Les spécialistes s’accordent pour dire que le suicide est un phénomène multifactoriel. Des facteurs personnels, génétiques, environnementaux (alcoolisme, anxiété, trouble dépressif, antécédents familiaux) vont venir s’additionner à des facteurs professionnels (conditions de travail, stress au travail, isolement…). « Des personnes en situation de stress chronique lié aux conditions de travail sont fragilisées et peuvent voir leur état évoluer vers une dépression qui, elle-même, favorise un passage à l’acte suicidaire ». Pour exemple, dans une étude japonaise, un lien fort a été établi entre l’absence de marge de manœuvre et la survenue de suicides.

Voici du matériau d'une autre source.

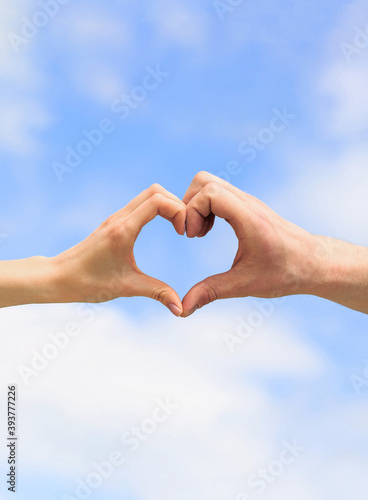 Female and man hands in the form of heart against the sky. Hands in shape of love heart. Heart from hands on a sky background

Ce qui est perturbant dans ces drames, c’est le constat que, souvent, un acte qu’on pourrait qualifier de banal (ex : le refus d’un jour de congés) va faire « déborder le vase » et provoquer le passage à l’acte.

Une phénomène en croissance ?

Le phénomène du suicide au travail est surtout apparu dans les années 1990. Avant cela, comme l’homme ne devait pas laisser transparaître sa souffrance, le suicide avait majoritairement lieu à distance du travail. « Il y a toujours eu des suicides au travail, mais ils concernaient des professions spécifiques, comme celle des agriculteurs confrontés à la solitude ou au surendettement, ou celle des policiers », note la sociologue Nicole Aubert. Une explication à l’évolution croissante du nombre de suicides au travail réside dans l’augmentation de la souffrance au travail ainsi que dans la diminution du collectif (quand la solidarité est présente, les collègues ont plus de chance de prendre conscience du risque suicidaire).

Les signes de repérage

Le premier facteur de risque de suicide, c’est la dépression : on considère que près de 70 % des personnes qui se suicident souffraient d’une dépression. Une première étape de prévention peut donc être de repérer les signes d’une dépression : tristesse, isolement et pensées négatives.

Les facteurs prédictifs forts d’un passage à l’acte sont :

  • La verbalisation de l’intention, directe ou indirecte : des phrases du type « je n’en peux plus, je ne peux plus continuer » ou « si je suis encore là lundi »
  • L’existence de troubles psychiatriques
  • Un état d’instabilité, une agitation importante
  • Des antécédents personnels ou familiaux de suicide ou tentative de suicide

De façon générale, il faut être alerté par quelqu’un qui devient cynique, perd espoir, n’a plus d’estime de lui-même.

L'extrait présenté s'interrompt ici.